Putting Big Data in the Cloud to Work for the Benefit of Humanity

Not to lead with the hyperbole, but it’s going to be hard to argue with the promise of big data analytics and the scalability of cloud when the combinations starts to solve one world problem after another. Okay, maybe that’s a ways off. But just yesterday, a pair of major cloud service providers made announcements that bring us one step closer.

First off, Amazon Web Services (AWS) announced a partnership with 1000 Genomes, the “international public-private consortium that aims to build the most detailed map of human genetic variation available,” brought the entirety of its 2010 pilot data set and most recent data sets into the Amazon S3 storage cloud. That’s around 200 terabytes of data, containing the genome sequences of more than 2,661 people from 26 global populations.
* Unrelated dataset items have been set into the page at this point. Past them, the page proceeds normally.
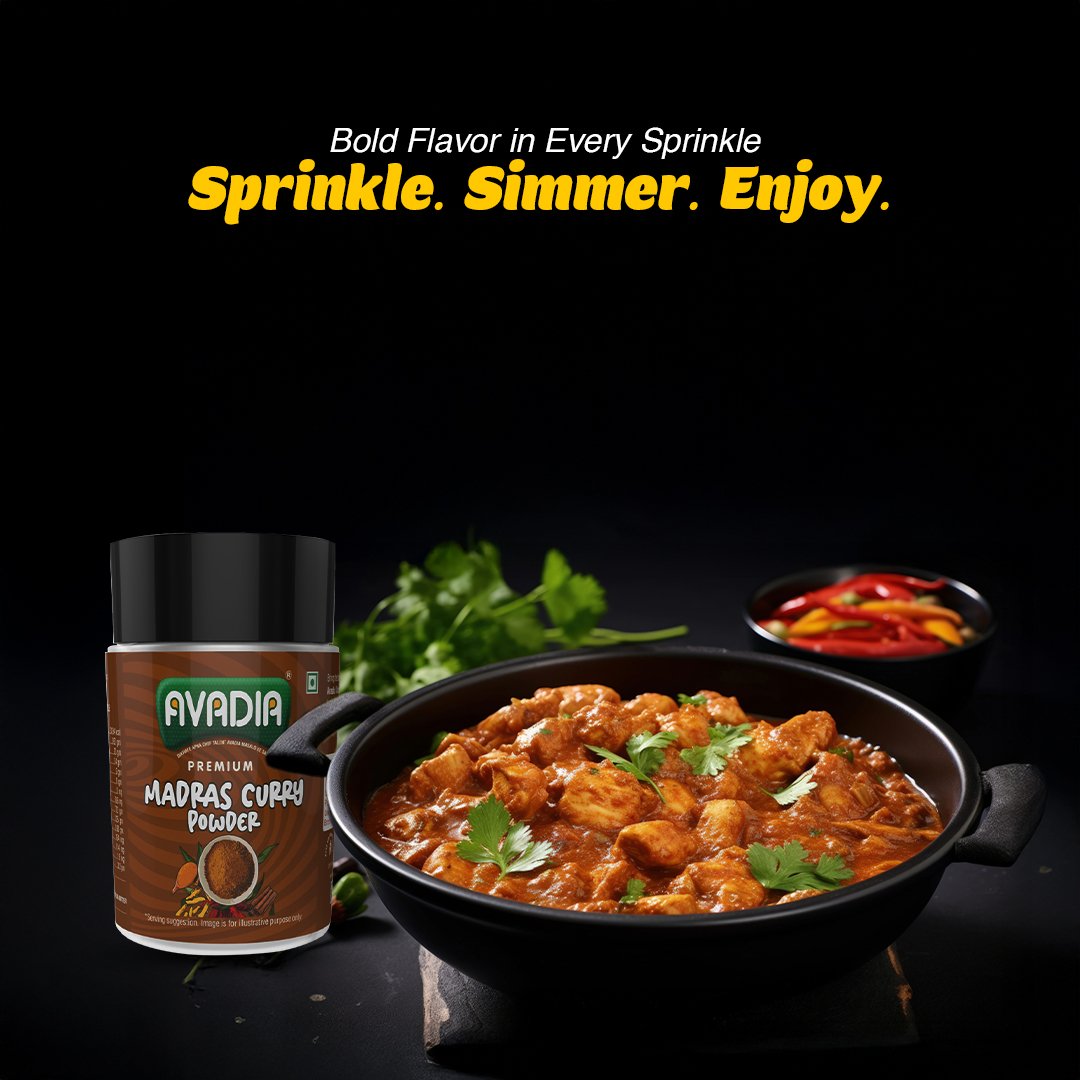 Avadia Madras Curry Powder is a carefully blended mix of bold spices designed to deliver the authentic heat and flavor of Madras cuisine. Perfect for enriching curries, gravies, and stir-fries, this powder contains no preservatives or artificial colors, ensuring a natural and flavorful cooking experience every time.
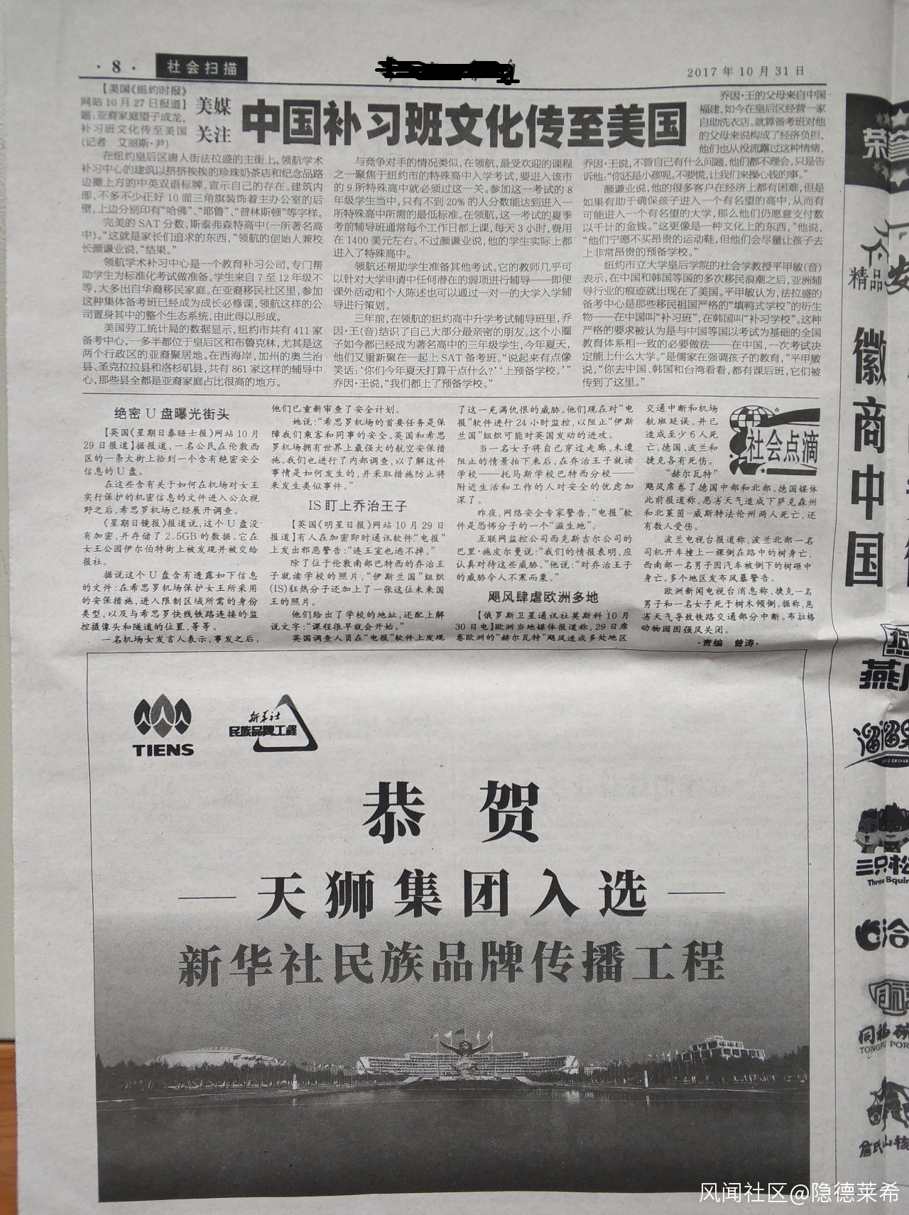 某非常權威的時政類媒體,版面上也有直銷賣保健品的天獅集團的廣告
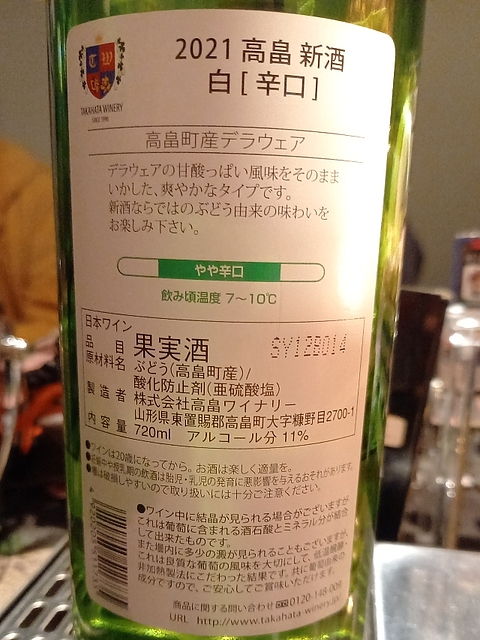 TAKAHATA WINERY 高畠 Takahata Delaware 2021 新酒 辛口
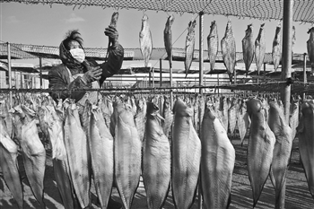 在位于山东沿海的荣成市石岛管理区王连街道北桥头村,村民们晾晒鱼干,准备供应市场。这种鱼干是当地极具特色的美食。新华社记者 徐速绘 摄
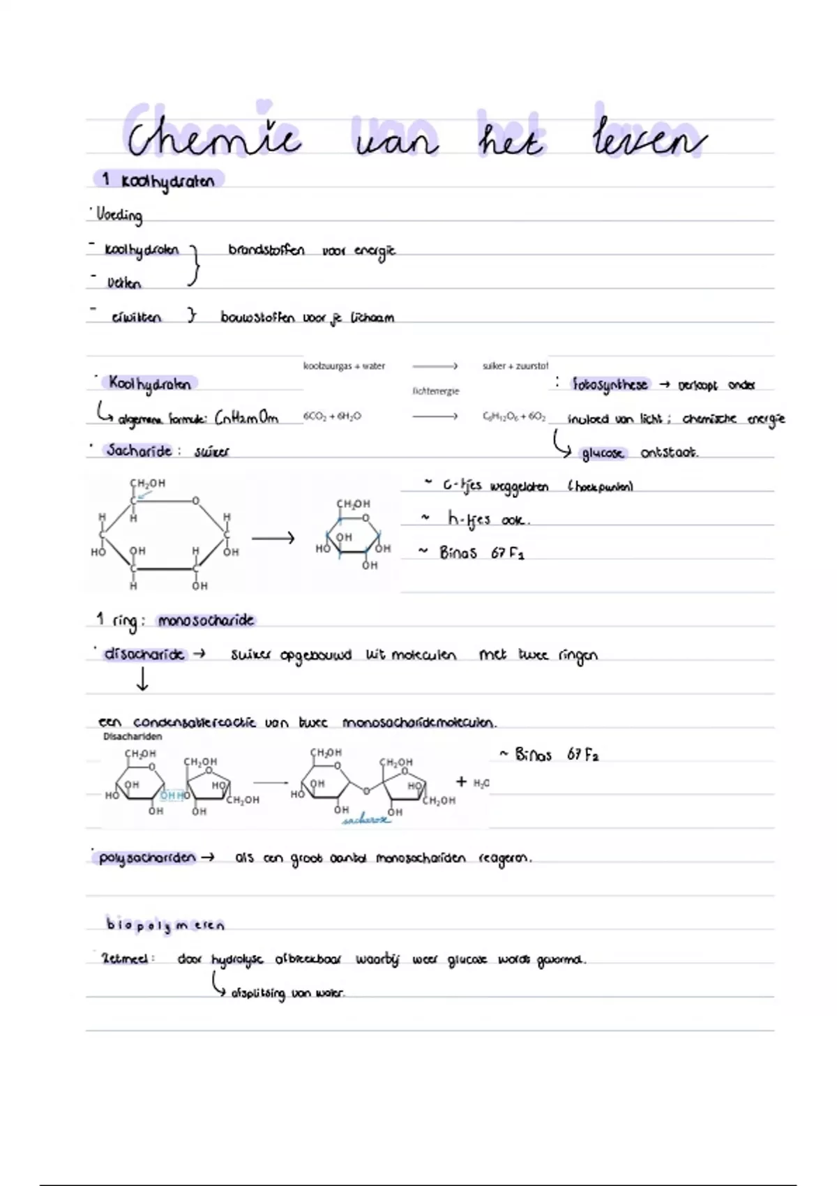 Samenvatting scheikunde hoofdstuk 12 chemie van het leven - havo 5
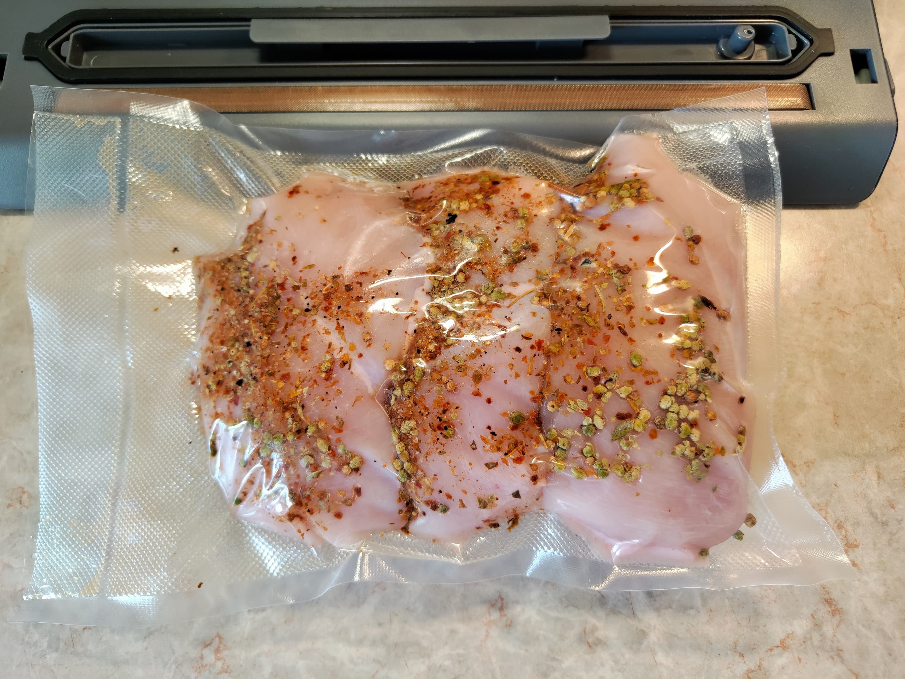 Три больших куска грудки общим весом около килограмма обмазали смесью специй, посыпали травами и положили в комплектный пакет.
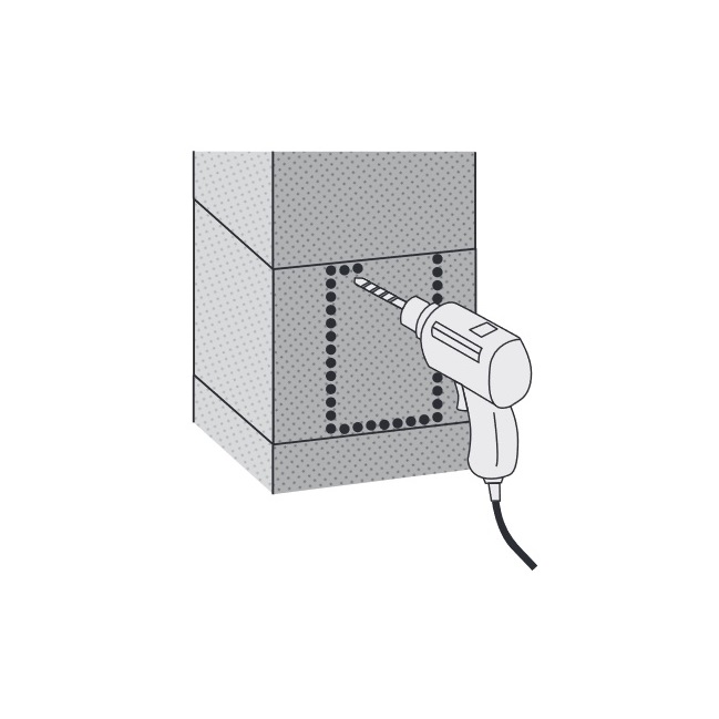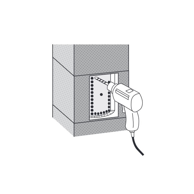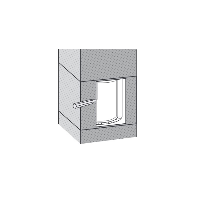 Suorakaiteen muotoisen liitoselementin jatko-osaa asennettaessa kostuta jälkiasennuselementin liitosreuna sienellä. Levitä sen jälkeen koko liitosreunan pituudelle keraamista tulenkestävää FugenKit SPK -liimalaastia ja asenna elementti leikattuun aukkoon.

Access to the data is free, writes AWS high-performance computing (HPC) guru Matt Wood in a blog entry. You only have to pay for the cloud compute time needed to analyze the data to your satisfaction. And since it’s in an S3 storage bucket, it’s easy for AWS customers to use Apache Hadoop by way of Amazon Elastic MapReduce and crunch some genetic research data.

Meanwhile, Microsoft Research highlighted three experimental products that use some combination of machine learning, big data analytics and the Microsoft Windows Azure cloud platform for some impressive, if early, technologies.

Microsoft Translator Hub is a self-service model for building customized automatic translation services between any two languages, allowing users to upload their own data sets and keep less wide-spoken languages in use. These translation services can be made accessible via widget or the Microsoft Translator APIs. ChronoZoom is a tool for organizing historical collections of data in one place, across libraries and datasets. FetchClimate!, well, fetches current and historical climate data for any point on Earth, either via a few lines of .NET code or through a web interface.

Services Angle

This week, we’ve already seen how the White House plans to use big data to solve research and infrastructure problems. And enterprises like Foursquare are starting to leverage big data to help serve customers better. But genetic research especially is benefiting from an analytics-driven approach, and the sciences at large are starting to reap the benefits.

These are just examples of how the cloud can spur that kind of innovation – by removing scaling and infrastructure hurdles, big data can be used for technologies that could, some day, save the planet – or a life.